154. Find Minimum in Rotated Sorted Array II leetcode binary search

Follow up for "Find Minimum in Rotated Sorted Array":

What if duplicates are allowed?
Would this affect the run-time complexity? How and why?

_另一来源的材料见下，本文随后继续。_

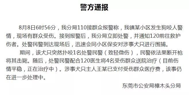 东莞市公安局樟木头分局发布通报称,8月8日6时56分,该分局110接群众报警称,樟木头某小区发生狗咬人警情,现场有群众受伤。接到报警后,分局立即处警,并通知120前往救护伤者。处警民警到达现场后,迅速会同小区保安对涉事犬只进行围捕。

Suppose a sorted array is rotated at some pivot unknown to you beforehand.
(i.e., 

0 1 2 4 5 6 7

 might become 

4
5 6 7 0 1 2

).
Find the minimum element.
The array may contain duplicates.
注意：该数组中包含重复的元素
int findMin(vector<int>& nums) {
int low = 0;
int high = nums.size() - 1;

while(low < high)
{
if(nums[low] < nums[high])
return nums[low];

//进入到以下部分说明不能满足上述的if条件，即以下部分nums[low] > nums[high]
int mid = low + (high - low) / 2;
if(nums[mid] > nums[low])
low = mid + 1;
else if(nums[mid] < nums[low])
high = mid; //此处没有high = mid + 1 是因为nums[mid] < nums[high],那么mid处有可能是最先的数字
else
low++; //多加了一句，即当nums[mid] == nums[low]的时候，因为数组中有重复的元素，所以不清楚最小的元素出现在哪部分，是出现在low~mid之间还是mid~high之间，所以只将low++
}

return nums[low];
}